Malcolm Gissen, the firm’s founder, was quick to read the cues and to switch gears. In 2000, Gissen teamed up with Marshall Berol–with whom, he says, he shared similar investment theories and visions–and subsequently, Malcolm H. Gissen & Associates began to focus its efforts on the money management business instead.

“Both of us are deep value investors and we are both genuine contrarians,” Gissen says of his relationship with Berol. “We’re top-down and bottom-up investors and after Marshall became CIO in 2000, we had the opportunity to formalize our investment style.”

This meant creating a brand-new mutual fund, since nothing else in the marketplace really suited either the duo’s investment style or their approach to the money management business.

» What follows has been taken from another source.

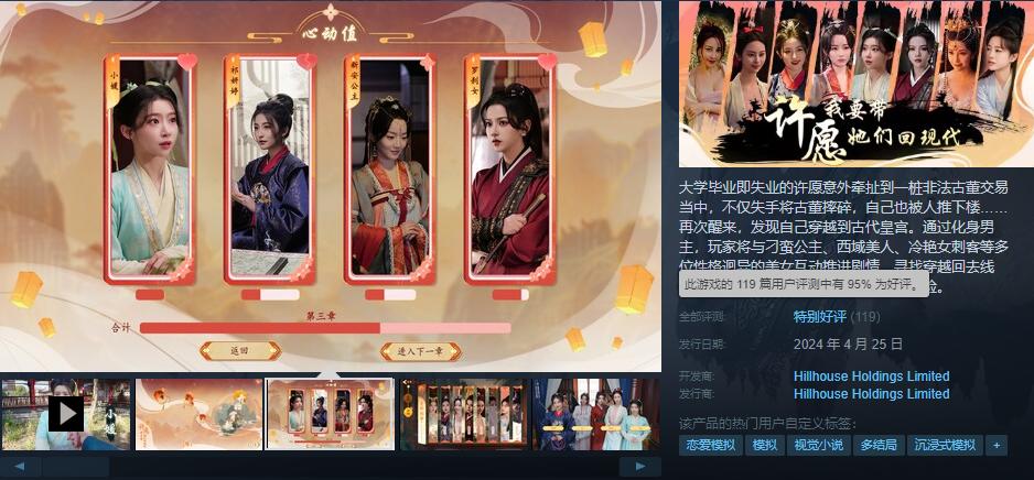 Steam昨天出現了一款95%好評率的類完蛋新遊《許願,我要帶她們回現代》。

“We would look at a particular industry that we liked and see some large-cap companies in it, some mid-cap companies and some small-cap players, and we wanted to be able to invest in all of them,” Berol says.

Going beyond the prescribed boundaries that limit most mutual funds, the Encompass Fund was set up to be able to go anywhere and invest in any kind of company, no matter its size or industry. The fund can stick with its investments through time because it has no limits, Gissen says, “so if we invested in a small-cap company that does well and then becomes a mid- or large-cap, we don’t have to sell it, like other funds might have to do, because we weren’t formed to do only small cap.”

The flexibility this approach affords, Gissen says, is the best way to deliver the kinds of returns that long-term investors in the Encompass Fund are looking for.